-- Opening Marker --

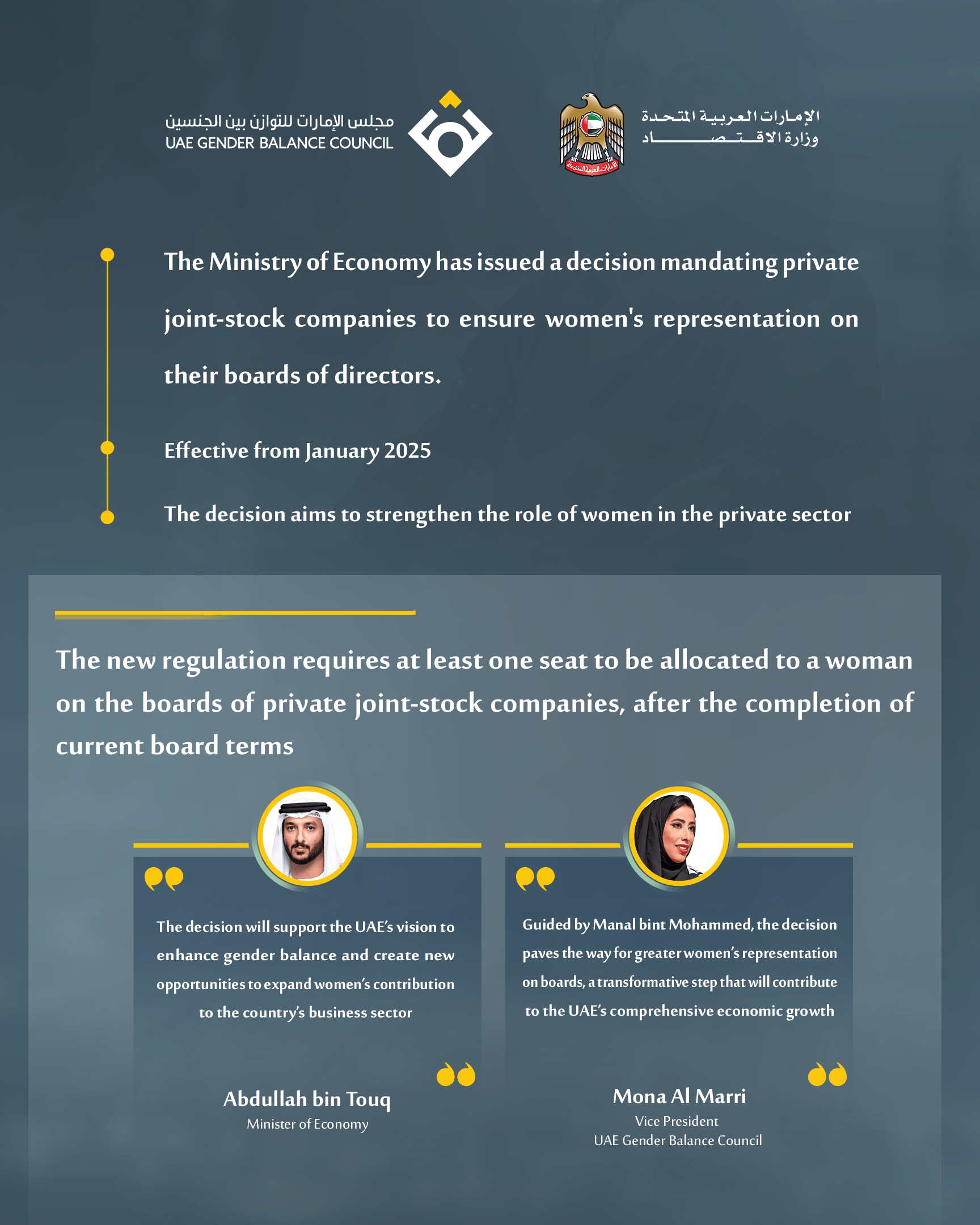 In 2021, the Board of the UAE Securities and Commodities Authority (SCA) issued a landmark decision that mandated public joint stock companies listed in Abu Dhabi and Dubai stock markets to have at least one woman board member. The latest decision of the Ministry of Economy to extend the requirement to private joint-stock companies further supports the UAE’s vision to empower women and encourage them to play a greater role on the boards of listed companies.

-- Closing Marker --
-- Opening Marker --

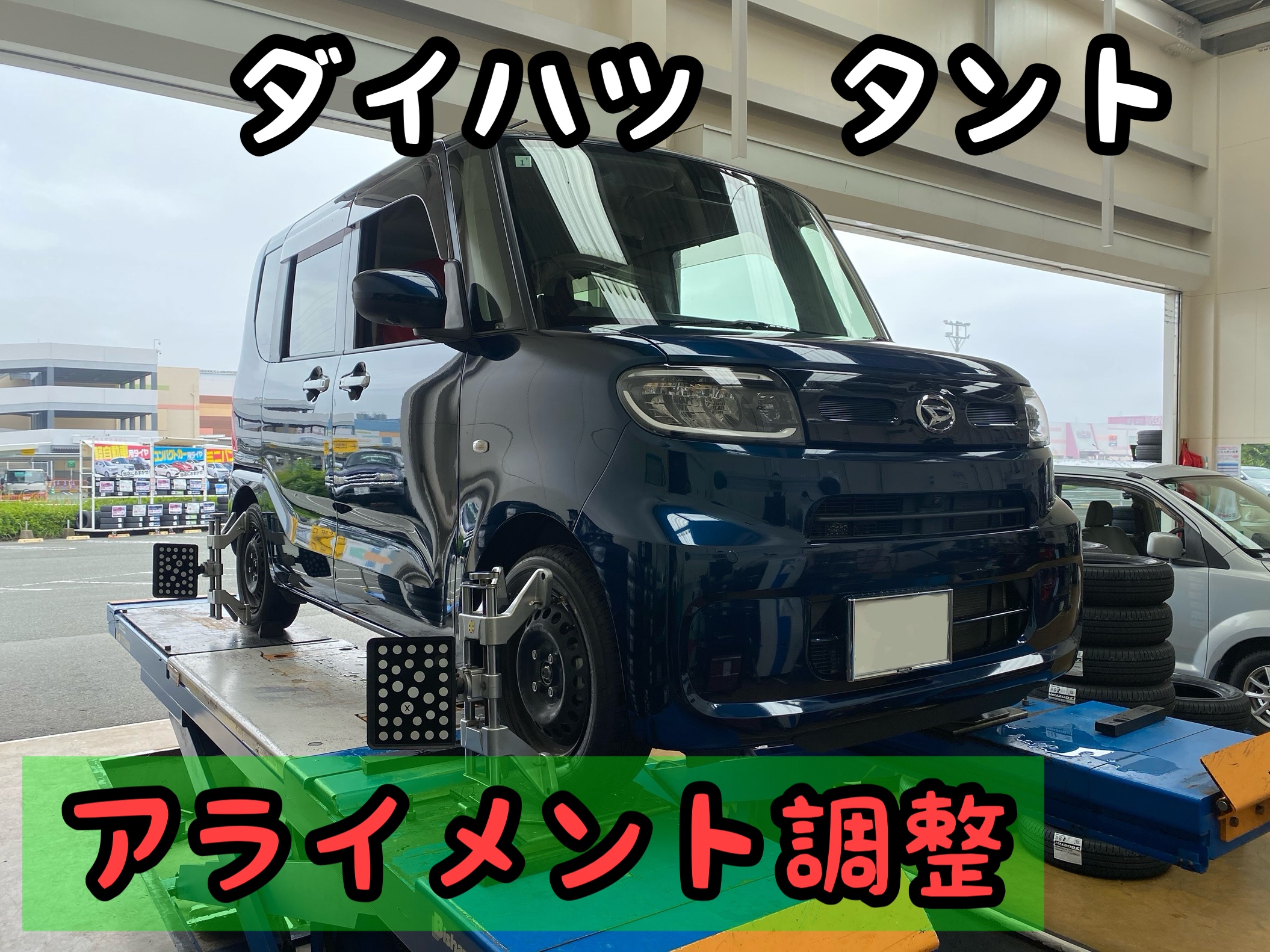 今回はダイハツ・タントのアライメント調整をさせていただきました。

-- Closing Marker --
-- Opening Marker --

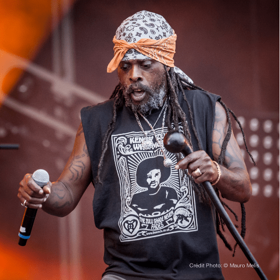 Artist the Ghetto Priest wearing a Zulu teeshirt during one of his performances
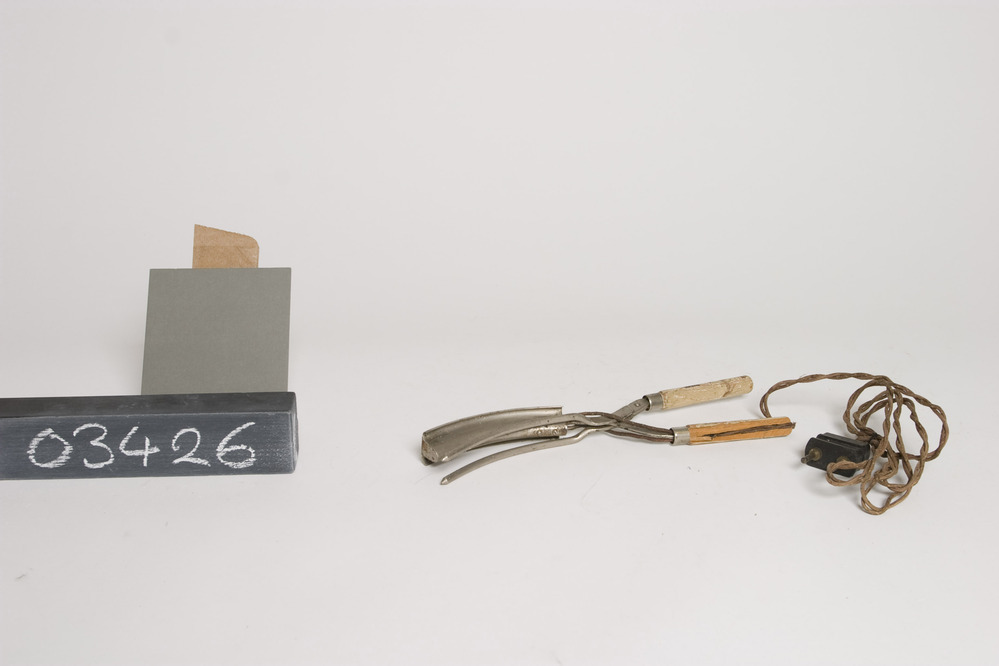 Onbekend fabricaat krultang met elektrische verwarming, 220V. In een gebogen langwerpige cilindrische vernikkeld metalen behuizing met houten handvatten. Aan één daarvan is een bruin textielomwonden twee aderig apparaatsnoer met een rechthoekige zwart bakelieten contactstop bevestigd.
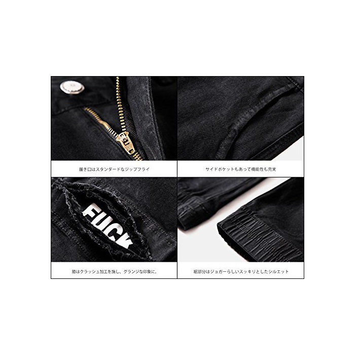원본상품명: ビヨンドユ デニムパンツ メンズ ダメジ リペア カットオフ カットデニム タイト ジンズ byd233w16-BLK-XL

-- Closing Marker --

• EXERCISE
Given the records above, return the lines starting at the one that holds "Onbekend fabricaat krultang" and ending at the one that holds "원본상품명: ビヨンドユ デニムパンツ", exactly, and nothing besides; leave every picture out.

• RESPONSE BOX
 Onbekend fabricaat krultang met elektrische verwarming, 220V. In een gebogen langwerpige cilindrische vernikkeld metalen behuizing met houten handvatten. Aan één daarvan is een bruin textielomwonden twee aderig apparaatsnoer met een rechthoekige zwart bakelieten contactstop bevestigd.
원본상품명: ビヨンドユ デニムパンツ メンズ ダメジ リペア カットオフ カットデニム タイト ジンズ byd233w16-BLK-XL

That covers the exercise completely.